»La noche antes de partir, Byrne y yo nos quedamos charlando hasta tarde. Me enseñó su equipo de topografía y recuerdo que yo me encontraba en uno de esos estados de excitación en los que de repente todo parece encajar de una forma nueva. Byrne me dijo que uno no puede fijar su posición exacta en la tierra si no es por referencia a un punto en el cielo. Algo que tenía que ver con la triangulación, la técnica de medida, no recuerdo los detalles. Lo esencial del asunto, sin embargo, me resultó fascinante y no lo he olvidado nunca. Un hombre no puede saber dónde está en la tierra salvo en relación con la luna o con una estrella. Lo primero es la astronomía; luego vienen los mapas terrestres, que dependen de ella. Justo lo contrario de lo que uno esperaría. Si lo piensas mucho tiempo, acabas con el cerebro del revés. Existe un aquí sólo en relación con un allí, no al contrario. Hay esto sólo porque hay aquello; si no miramos arriba nunca sabremos qué hay abajo. Piénselo, muchacho. Nos encontramos a nosotros mismos únicamente mirando lo que no somos. No puedes poner los pies en la tierra hasta que no has tocado el cielo.
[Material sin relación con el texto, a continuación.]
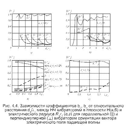 Анализ рис. 4.4 показывает, что с увеличением расстояния dx/l1 между соседними вибраторами в НЧ ФАР по сравнению с длиной волны ВЧ ФАР, что эквивалентно увеличению отношения рабочих часто f1/f2, уровень дополнительных боковых лепестков и снижение КУ уменьшаются, а с увеличением электрической толщины вибраторов k1r2 - увеличиваются. Кроме того, искажения, вносимые излучателями НЧ ФАР в поле ВЧ ФАР, гораздо меньше при взаимно ортогональной линейной поляризации излучателей ВЧ и НЧ ФАР. Следует отметить, что (4.1), (4.3) - (4.5) не учитывают влияния системы питания и крепления НЧ вибраторов на рассеяние поля ВЧ ФАР. Последнее особенно заметно проявляется при взаимно ортогональной поляризации в диапазонах f1 и f2. При этом (4.1), (4.3) - (4.5) могут давать несколько заниженные оценки искажений в ВЧ диапазоне.
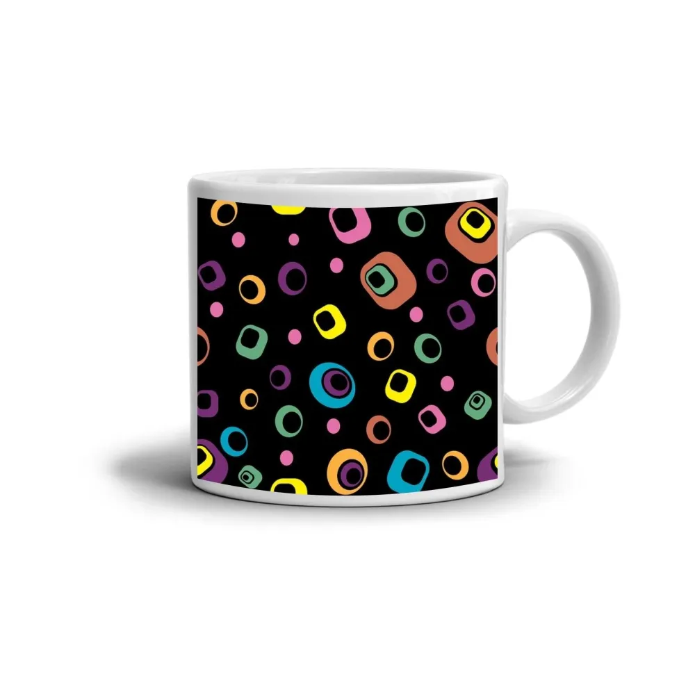 Na hrnku se objevuje výrazný Abstraktní motiv, který zaujme hrou barev a tvarů. Barevné kruhy a čtverce rozeseté po černém pozadí vytvářejí dojem pohybu a radostné energie. Tento vzor působí moderně, originálně a dodává každému okamžiku s kávou či čajem kreativní nádech. Hrnek je vhodný do myčky!
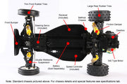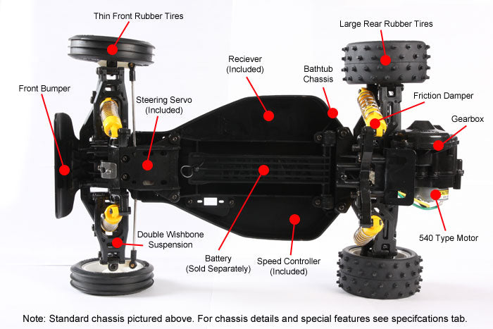 The bathtub type frame chassis features a longitudinal battery layout for lower center of gravity and optimum weight distribution. 4-wheel double wishbone suspension is equipped with coil spring damped units to provide superb off-road traction, while the chassis features a flat underside to enable thrilling skids. A sealed gearbox protects against dust and debris and is equipped with differential gears to ensure smooth cornering.
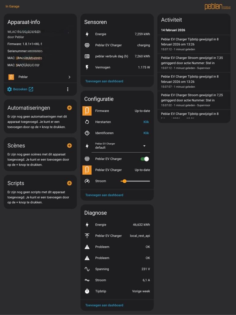 Het grootste pluspunt voor mij is de lokale API. Veel laadpalen dwingen je naar de cloud, maar de Peblar is via een lokaal IP-adres direct uit te lezen en aan te sturen zeker samen met de Homewizard P1 meter. Dit werkt razendsnel en zonder vertraging. Of je nu met Home Assistant, Homey of EVCC aan de slag gaat de Peblar laat zich moeiteloos aansturen en uitlezen.
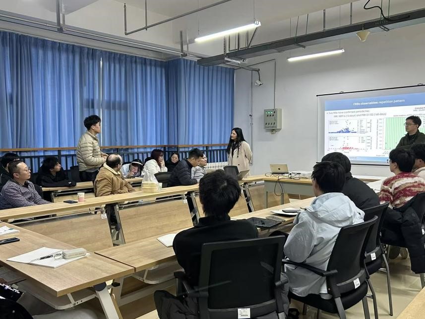 射电暂现源(包括脉冲星、快速射电暴等)是当前天文学领域的研究热点,其多数观测集中于厘米波段,而毫米波段的观测突破不仅能揭示其辐射跃迁的关键规律,更可将快速射电暴的探测范围拓展至8GHz以上,为相关研究打开新维度。报告中,Cruces教授结合自身团队的核心研究成果,重点介绍了采用阿塔卡马大型毫米波/亚毫米波阵列(ALMA)相控阵模式的创新应用——该模式能实现相当于80米以上口径射电望远镜的超高灵敏度,大幅提升快速射电暴的探测效率与精度,其前沿技术思路令在场师生深受启发。
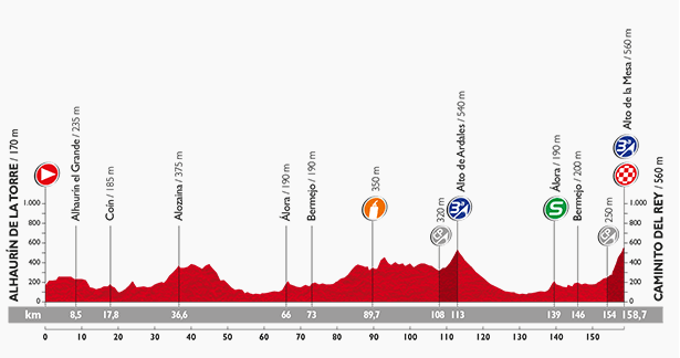 Por David Hunter Mijas – Malaga 158.4km Apenas estamos en la etapa 3 de la carrera y ya hay un puerto de 1°. La jornada parte de Mijas con dirección a Malaga dando un giro alrededor de Torre del Mar para luego dirigirse por la A7, bordeando la costa.
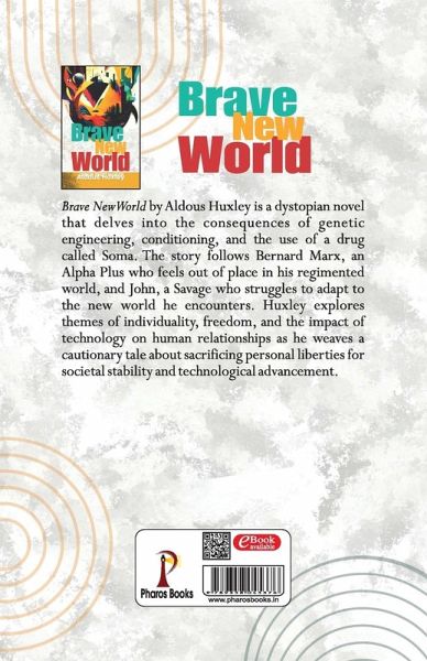 Brave New World by Aldous Huxley is a dystopian novel that delves into the consequences of genetic engineering, conditioning, and the use of a drug called Soma. The story follows Bernard Marx, an Alpha Plus who feels out of place in his regimented world, and John, a Savage who struggles to adapt to the new world he encounters. Huxley explores themes of individuality, freedom, and the impact of technology on human relationships as he weaves a cautionary tale about sacrificing personal liberties for societal stability and technological advancement.

»Hice un buen trabajo al principio. Salimos de la ciudad en dirección oeste, acampamos junto al lago un día o dos y luego nos adentramos en el Gran Desierto Salado. No se parecía a nada que yo hubiera visto antes. El lugar más llano y desolado del planeta, un osario de olvido. Viajas día tras día y no ves absolutamente nada. Ni un árbol, ni un matorral, ni una brizna de hierba. Solamente blancura, la tierra agrietada que se extiende por todos lados hasta donde alcanza la vista. La tierra sabe a sal, y allá a lo lejos el horizonte está bordeado de montañas, un enorme anillo de montañas que oscilan bajo la luz. Esto te hace pensar que te acercas al agua, pues estás rodeado de esa oscilación y ese resplandor, pero no es más que un espejismo. Es un mundo muerto, y a lo único que te acercas es a la misma nada. Dios sabe cuántos pioneros se quedaron atascados y entregaron el alma en ese desierto, sus huesos blancos se veían sobresaliendo del suelo. Eso es lo que le ocurrió a la expedición de Doner, todo el mundo lo sabe. Se quedaron empantanados en la sal y cuando al fin llegaron a las Montañas de la Sierra en California, las nieves invernales les bloquearon el paso y acabaron comiéndose unos a otros para sobrevivir. Todo el mundo lo sabe, forma parte del folklore norteamericano, pero no por ello es menos cierto, una verdad indiscutible. Ruedas de carretas, cráneos, casquillos de bala, yo vi todo eso allí en 1916. Un gigantesco cementerio, eso es lo que era, una página mortal en blanco.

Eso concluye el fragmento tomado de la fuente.